I am am so thankful for strong closeknit family that I have. My sister Leisha has been at the forefront taking care of my mom everyday. She missed her calling at being a caretaker. She is truly amazing at it. Alexus has also been there daily to assist Leisha while juggling college. My Dad has had very little sleep, he is by her side whenever she coughs or gets restless. Michelle (my wife)has been my rock. She has held down all aspects of our life with the house, kids, meals, taxes, etc. as well as helped with mom and being the mediator when emotions run high. Zack and Travis have been helpful and got grandpa out of the house to give him a break. They took him out for lunch and to run errands. Darren has been there daily and helped out with food as well. And also Linda has been an amazing friend but considered family. She has been over daily to help out and comfort where needed.

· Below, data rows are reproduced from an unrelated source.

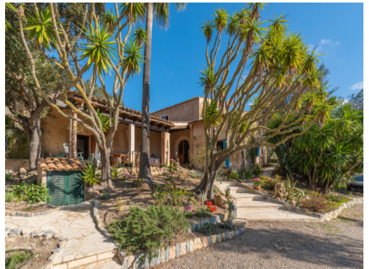
Zugang und Blick zur Finca
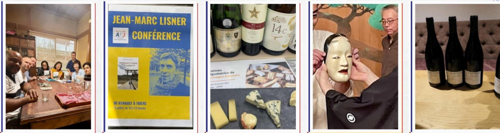
DÉGUSTATIONS & CONFÉRENCES
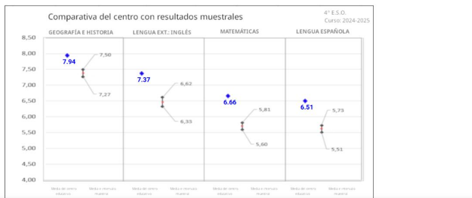
GRÁFICA DE PROMEDIOS POR MATERIAS
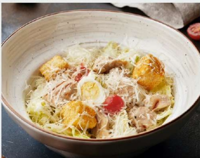
ЦЕЗАРЬ с цыплёнком, салатом Айсберг, Черри, сыром Пармезан, перепелиным яйцом
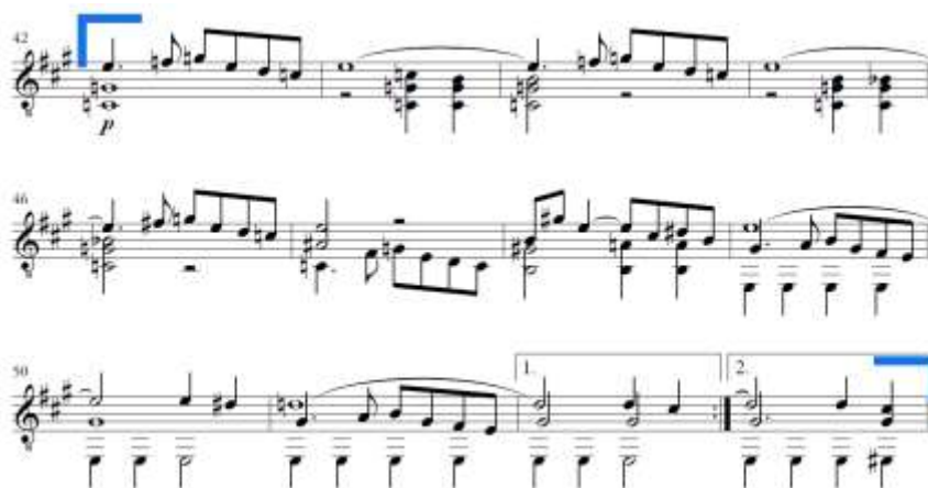
Slika 4. Allegro moderato , codetta u ekspoziciji

Codetta traje od takta 42 do takta 49 (Slika 4.). Započinje u C-duru što ponovno čini tercnu udaljenost tonaliteta. Akord C-dura u taktu 42 može se protumačiti i kao varijantni VI. stupanj E-dura u koji se riješila dominantna harmonija iz 40. takta. Motiv prve teme u melodiji u dvotaktnoj frazi varirano se ponavlja uz izmjenu harmonija te se imitira u donjem i srednjemu glasu. U taktu 46, na istom tonu c, nastupa povećani terckvartakord kao dominanta dominante te se u taktu 48 rješava u V. stupanj E-dura. Slijedi rješenje u kvintakord E-dura i izlaganje variranoga motiva prve teme u E-duru na pedalnom tonu. U taktu dodavajem tona d nastaje dominanta za A-dur i čini osnovu za povratak u početni tonalitet u repeticiji, dok se u taktu 53 priprema prijelaz na provedbu u fis-molu.
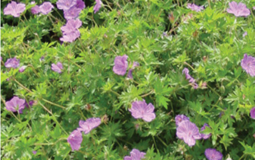
12. GERANIUM 'Blushing Turtle®' - Bec de grue

Raccourcir les tiges après chaque floraison pour favoriser une nouvelle végétation. Tailler en petites touffes en fin d'hiver.
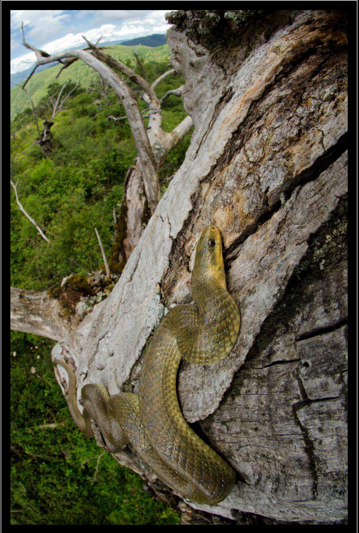
"The last airbender" - Saettone comune, Toscana, parco Appennino Tosco Emiliano

Nikon D7000; 10 mm; 1/320 sec; f 14; iso 640
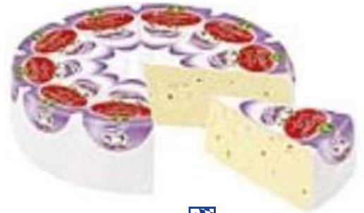
35713 ALLGÄUER RAHMTORTE KNOBLAUCH 65 % 1,6 kg BFN/Karton
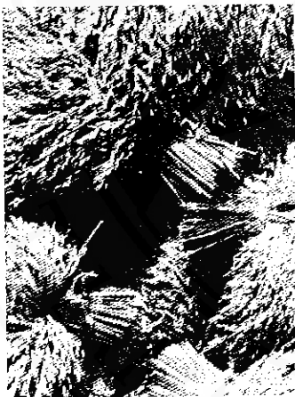
ผลผลิตของชาวนอก

ชาวนอก : คือกลุ่มชนที่อยู่แถบลุ่มแม่น้ำสายฝั่งทะเล ได้แก่ เขตพื้นที่บริเวณลุ่มแม่น้ำปากพนัง เป็นต้น
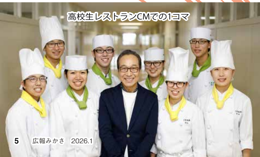
高校生レストランCMでの1コマ
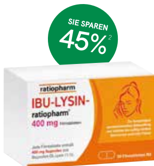
IBU-LYSIN-ratiopharm® 400mg Filmtabletten - 50 Stück
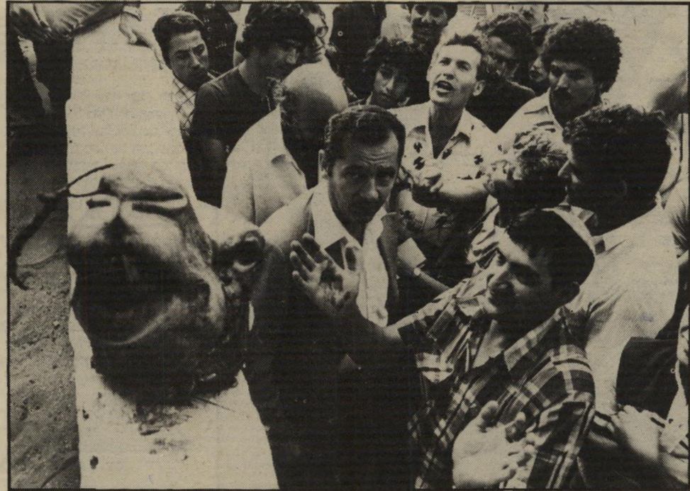
דיין וכהנא מניחים ראש כרות של גמל לפני מערכת "העולם הזה" מי שמותח ביקורת על המנהיג, מודח

במקביל לעלייתו השניה ארצה יסס הרב כהנא בארצות-הברית את ורו לעולם לא עוד! שכותרתו היא סימטת "הליגה להגנה יהודית." זה, שהוא מעין גרסה יהודית של ון קאמפף מאת אדולף היטלר, גן כהנא שצפוייה השמדה נוספת
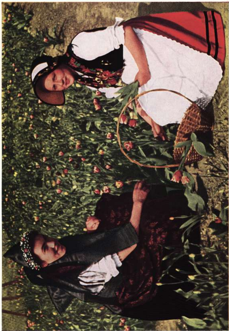
Sennfelder Gärtnerinnen (Lkr. Schweinfurt)
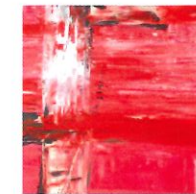
2 Force mentale 70x90
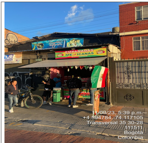
Panorámica donde se encuentra ubicado el establecimiento LA CASA DE LA EMPANADA MEXICANA.
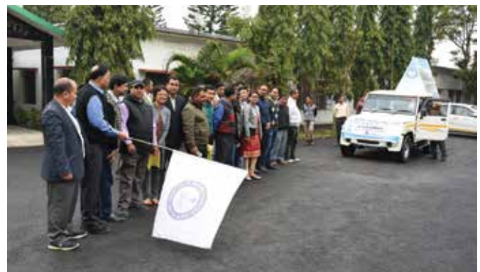
Flag Off of Save water Campaign (Stop the drop)
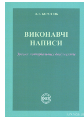
Виконавчі написи: зразки нотаріальних документів
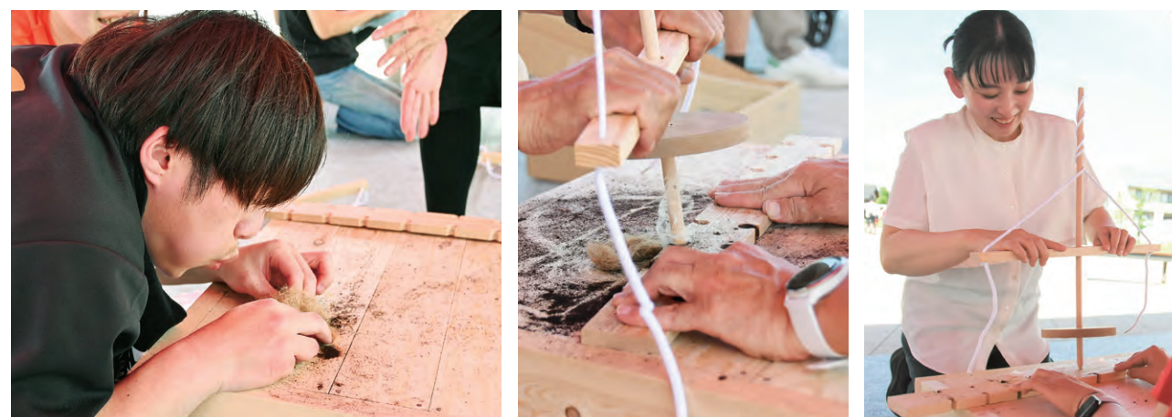
火種から火を起こす様子
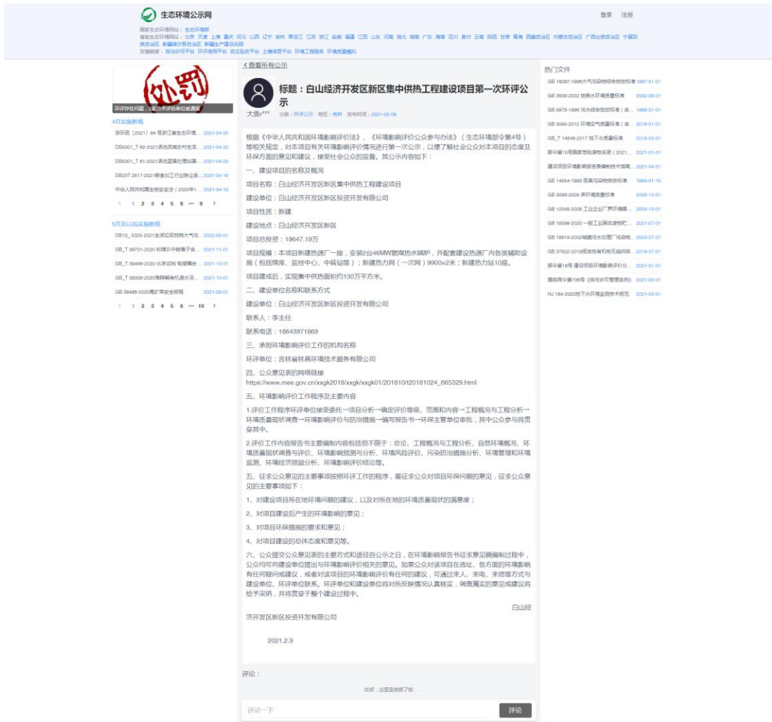
图 2-1 第一次网站公示截图
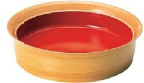
7-675-8 (45150970) ¥2,300 8寸深 白木内朱 φ235×60
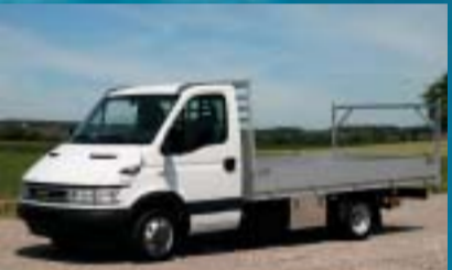
Boretti AG, Erlen IVECO 35C17 Daily City Truck
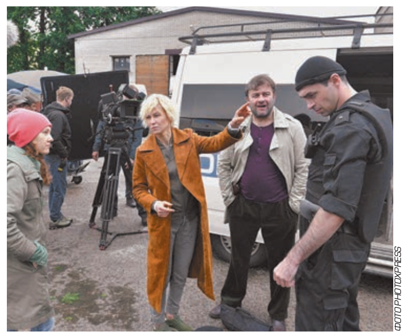
Михаил Пореченков, Ингеборга Дапкунайте на съемках телефильма «Мост».

Но точно так же я готов поддержать тех, кто борется за несправедливость в моей собственной стране. Коррупция, плохие дороги — враги ничуть не меньше, чем зло, которое творится где-то там, в далеких краях.
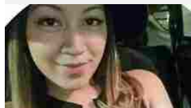
Per 10 ore a 150° sotto zero: muore a 24 anni nella criocamera di bellezza
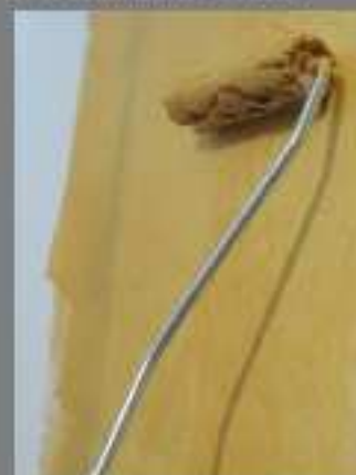
1 a mano Veli d'Oriente (a rullo) 1 st coat Veli d'Oriente (by roller)

For years Rosa felt like something was wrong. She had stomach pains and had continuously went to her Dr. for help. Her Dr. continuously misdiagnosed her pains for indigestion. In August 2016, my mom(Rosa) went to the emergency room due to these pains and was diagnosed with stage 4 adenocarcinoma of the stomach which matastisized to the liver. She began chemo therapy shortly after being diagnosed. She went through 4 different chemo drugs over about a year and a half. The chemo stopped working on the tumor and the cancer so the Dr. switched her to immunotherapy. This therapy went on for 3 months but did not have an effect on the cancer. In March 2018 the dr. recommended for her to focus on quality of life and told her that there were no other treatments that would work. At this point her cancer has taken over her liver. She is no longer walking, is having a hard time talking, and opens her eyes only for a few seconds at a time. I wanted to set up this site to share her story and to inform friends and family of her status. Please follow her days and share you stories of her. As you all know she is the most caring and giving person. She has always put others feelings before her own and I can bet there are hundreds of people who have at some point called her mom.